4.5 Business Sale & Exit (Distressed Sale)
5. Financial Analyses
5.1 Profit and Loss analysis
5.2 Cash Flow analysis
5.3 Balance Sheet analysis
6. Insolvency Ramifications for the director
6.1 Insolvent trading (safe harbour?)
6.2 Director’s duties – acting with due care & diligence, Business Judgement Rule & Exoneration
6.3 Loan accounts & Division 7A matters
6.4 Personal guarantees
6.4.1 Trade creditors
6.4.2 Banks and financiers
6.5 ATO Director Penalty Notices
7. Operational Considerations
7.1 Stakeholder buy in
7.2 Porter’s Five Forces
7.5 Technology efficiency & IT adaptation/transformation
Immediate informal options arising from the Business Viability Review
Once then director/owner is adequately informed as to their personal exposure and the creditors’ positions, three options can be considered at the company level:
A. MVL (solvent but not viable), CVL or Court Liquidation (insolvent and business model not viable)
B. Continue trading utilising Safe Harbour protection from insolvent trading personal liability, if eligible (s588GAAA to 31 December or ‘better outcome’ under s588GA)
C. Continue trading and investigate the prospects of an ‘Informal Creditor Workout’ or distressed sales transaction (noting the aim with the latter is to preserve value and jobs wherever possible).
Informal Creditor Workout – prior to consulting a registered liquidator
• independent asset valuation on alternate basis (auction/going concern) by auctioneer
• business valuation by qualified accountant
• director/owners, family or third parties sought to inject funds
• directors loan accounts confirmed
• books and records secured
• insurances & security maintained
• Debtor book and WIP analysis (likelihood of better recoveries under various scenarios)
• judgement creditors ascertained
• tax, super, employee entitlements obligations brought up-to-date
• payment plan entered into with ATO
• establish employee severance (potential liability to FEG in event of liquidation)
• contact made with financiers
• essential suppliers and key employees identified
• contact made with banks and lenders
• trade licence requirements established
• document attempts made to market the business / approach competitors
• a statutory declaration made by the director/owner of company assets/liabilities
• educated directors and document of preferences, uncommercial transactions and director related transactions
• provide educational material and guide director/owner on safe harbour (s588GA), business judgement rule (care and diligence) and illegal phoenix activity/creditor defeating transactions
• a statutory declaration made by the director/owner of company assets/liabilities
• statutory declarations made by director/owners of personal financial positions
Having undertaken the above work with the director, the professional adviser is equipped to provide the director/owner with comparative estimated outcome statements to aid with creditor negotiations. This could provide the outcome to creditors under a range of scenarios (incorporating forecasting):
A. Safe harbour (s588GA) operational restructuring & turnaround
B. Safe harbour (s588GA) sale to third party
C. Safe harbour (s588GA) restructure transaction
D. ‘Declaration of Intention’ made for ‘Debt Restructuring Plan’
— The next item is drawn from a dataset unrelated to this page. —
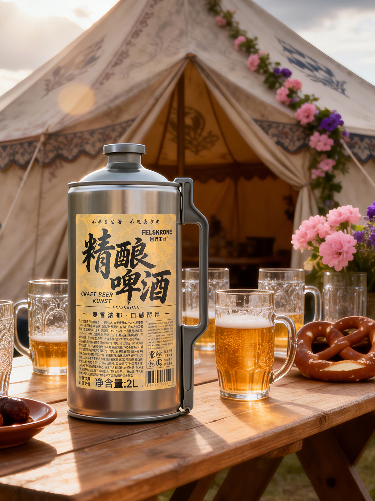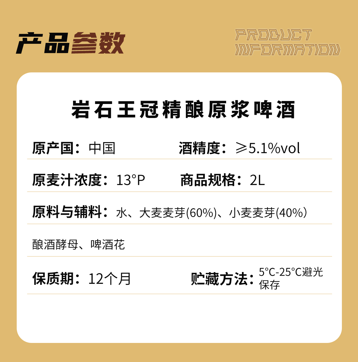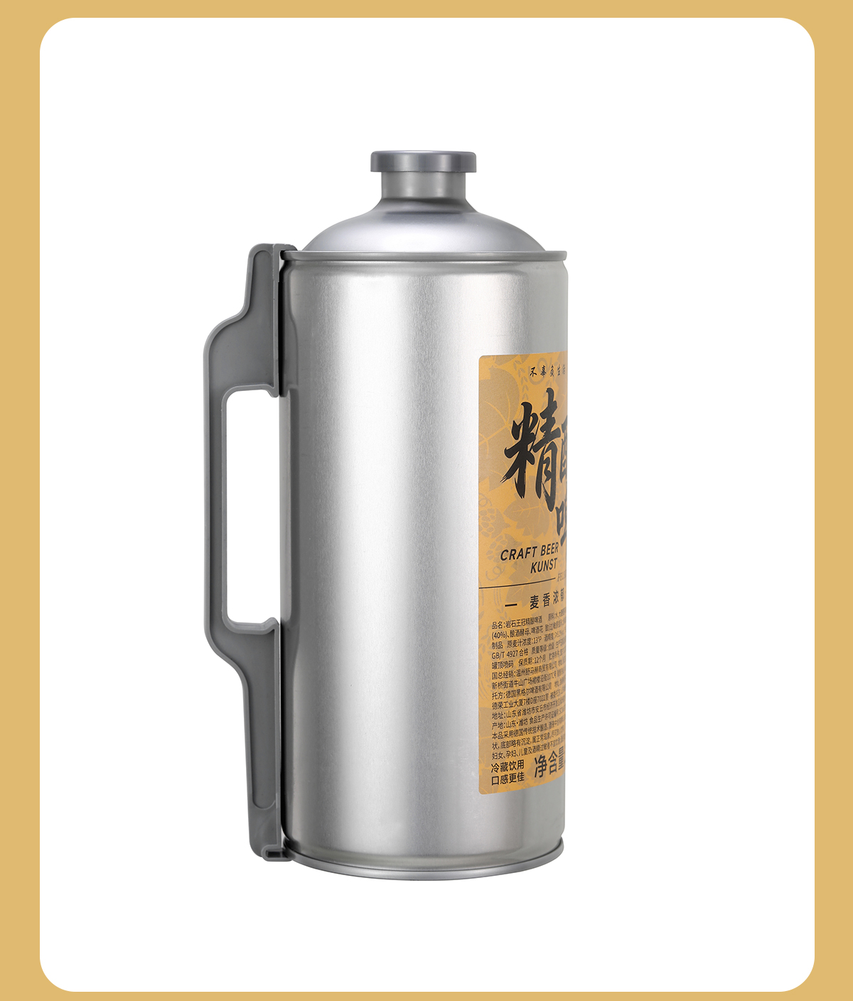 产地:中国 山东 净含量:2L 原料与辅料:水 、大麦麦芽、小麦麦芽、酿酒酵母、啤酒花 酒精度 :≥5.1%vol 原麦汁浓度 :13°P 生产日期:见罐体喷码(年 月 日) 保质期:1年 贮藏条件:5-25°C避光保存

E. Approach registered liquidator (or small business restructuring practitioner) for ‘Debt Restructuring Plan’
F. Approach registered liquidator for ‘Debt Restructuring Plan’
G. Approach registered liquidator for voluntary administration/DOCA
H. Approach trustee for personal bankruptcy of the director/owner
Should an ‘Informal Creditor Workout’ not be successful, the director/owner is appropriately educated with the knowledge, information, and records to approach a registered liquidator to undertake a formal regime for the cheapest possible fee.